Atualmente, a Telite usa 300 toneladas de plástico para fabricar, todo mês, 15 mil telhas por mês. Para expandir essa capacidade de produção, a empresa vai ter que escalar a sua coleta, que hoje está em cerca de 500 toneladas mensais — considerando todos os materiais.
Aprovado no BNDES Garagem, Leonardo acredita que as mentorias e o contato com empresas e investidores através do programa de aceleração vão ajudar a concretizar essas novas formas de coleta.
“Em dois meses de operação, o aplicativo já tinha 6 800 pessoas cadastradas. Isso virou um problema porque tem gente de todo lugar… Com a ajuda da aceleração do BNDES, estamos tentando furar esse bloqueio”
Hoje, a coleta própria da Telite só está disponível em municípios do estado do Rio de Janeiro e algumas cidades de Minas Gerais — como Juiz de Fora, Simão Pereira e Matias Barbosa.
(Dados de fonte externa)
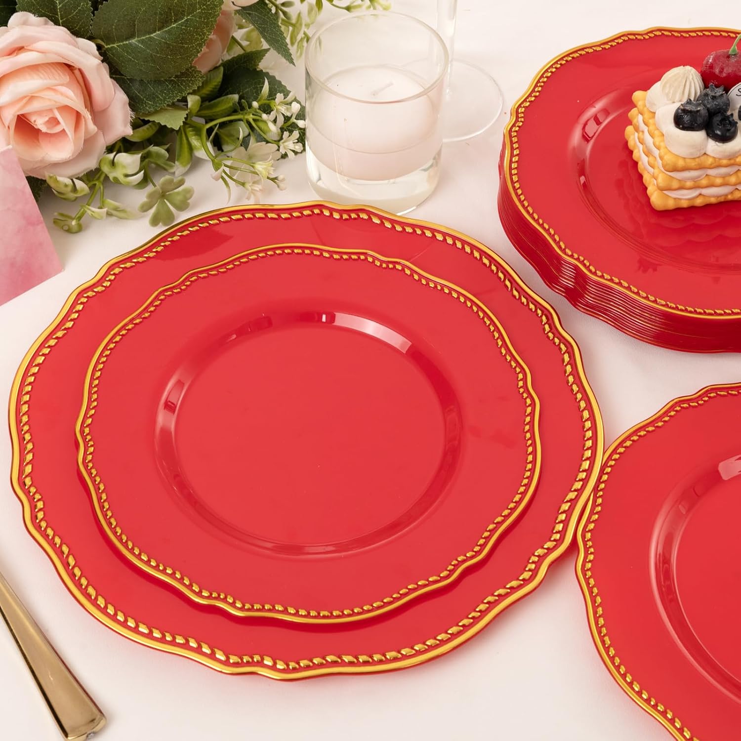 - Perfect For Any Occasions - The red and gold dessert plates are our latest round shapes design for holiday party, With these disposable appetizer plates, you can easily host a party without worrying about the cleanup at the end, just throw them in the trash after use. These plastic party plates are perfect for wedding, Christmas, holidays, Thanksgiving dinners and any other occasions

Para ampliar esse raio, ele está pesquisando novas formas de acessar o consumidor em outros lugares do Brasil.
Entre as alternativas estão a criação de parcerias com redes de varejo (cujas lojas serviriam como pontos de coleta) ou mesmo o uso dos Correios para o envio e recebimento dos materiais.
A Telite também está de olho no grafeno (uma forma cristalina de carbono caracterizada por resistência, leveza, flexibilidade e condutividade elétrica).
A empresa desenvolveu uma pastilha de grafeno que, acoplada à telha, gera energia elétrica. Esse produto está em fase de certificação; a perspectiva é que chegue ao mercado no início de 2022, com preço em torno de 305 reais por telha e capacidade de geração de 200 a 350 kWh/mês.
Agora, o foco é validar um segundo produto: uma telha que leva grafeno na composição, junto ao plástico, e que também pode gerar energia, funcionando como um painel solar.
Ao aliar reciclagem e energia renovável, as telhas de plástico com grafeno trarão um salto em termos de sustentabilidade, diz Leonardo, que já vislumbra outras possibilidades:
“Existem pesquisas que apontam que o grafeno é 100 vezes mais condutor de dados do que a fibra óptica. Já estou imaginando levar internet acoplada na telha através de um chip!”
Enquanto esses desdobramentos futuros seguem num horizonte distante, o empreendedor fala sobre negociações em andamento:
“Fizemos um contrato de pré-venda com um grupo português no valor de 36 milhões para 2022”, diz. “Esse mesmo grupo deve investir 2 milhões de euros em 2023 para montar uma planta em Portugal, usando a nossa tecnologia.”